Prosecutor: Jerry Sandusky is ‘serial predator’
June 11, 2012
BELLEFONTE, Pennsylvania — Opening statements in the trial of Jerry Sandusky, the former Penn State assistant football coach charged with child rape, were under way Monday.
Joseph McGettigan, prosecutor for the Commonwealth of Pennsylvania, began speaking at about 9:45 a.m. He called Sandusky a “serial predator,” telling jurors they would hear evidence of alleged abuse that in some cases went on for years.
Sandusky, 68, has been under house arrest since being charged with sexually abusing 10 boys for at least 15 years. Prosecutors allege that he met some of his accusers through Second Mile, a charity he created for underprivileged children.
As McGettigan spoke Monday, childhood pictures of eight of the 10 alleged victims were shown on a projector screen, and the alleged victims were identified by their first names.
The prosecutor reminded jurors that Sandusky, not Second Mile, was on trial.
McGettigan’s opening statement followed about 20 minutes of jury instructions from Judge John Cleland. “You are the conscience of the community,” he told the panel.
In interviews after his arrest, Sandusky acknowledged showering and “horsing around” with boys but denied being sexually attracted to them. He has pleaded not guilty to the charges.

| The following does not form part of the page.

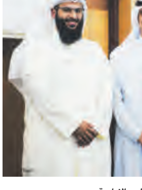
محمد الدولية متوسطا أعضاء من كلية العلوم الادارية

نظم بيت التمويل الكويتي "بيتك" حلقة دراسية حول "مدخل للصكوك" لطلبة كلية العلوم الادارية في جامعة الكويت. تأتي هذه المبادرة استمرارا للعلاقة المتحفزة بين "بيتك" والطلبة في الجامعات، وضمن اطار المسؤولية الاجتماعية للبنك والسعي المتواصل لنشر مفهوم الصيرفة الاسلامية وابرار أهميتها وورها في الاقتصاد العالمي، وكذلك بهدف تعزيز خبرة الطلاب وأشراف الخبيرات التعليمية من خلال إتاحة الفرص التعليمية والتدريبية.

A jury of five men and seven women, along with four alternates, was selected last week. Half of the 16 jurors and alternates have ties to Penn State, including one retired professor and one current professor, three graduates, two employees and one current student, showing the prominence of the university in the local community.
Authorities allege that Sandusky abused some of the boys on the Penn State campus. The case has shaken the school, raised questions about its response to the allegations and drawn criticism from those who claim Penn State put its reputation ahead of protecting potential child victims.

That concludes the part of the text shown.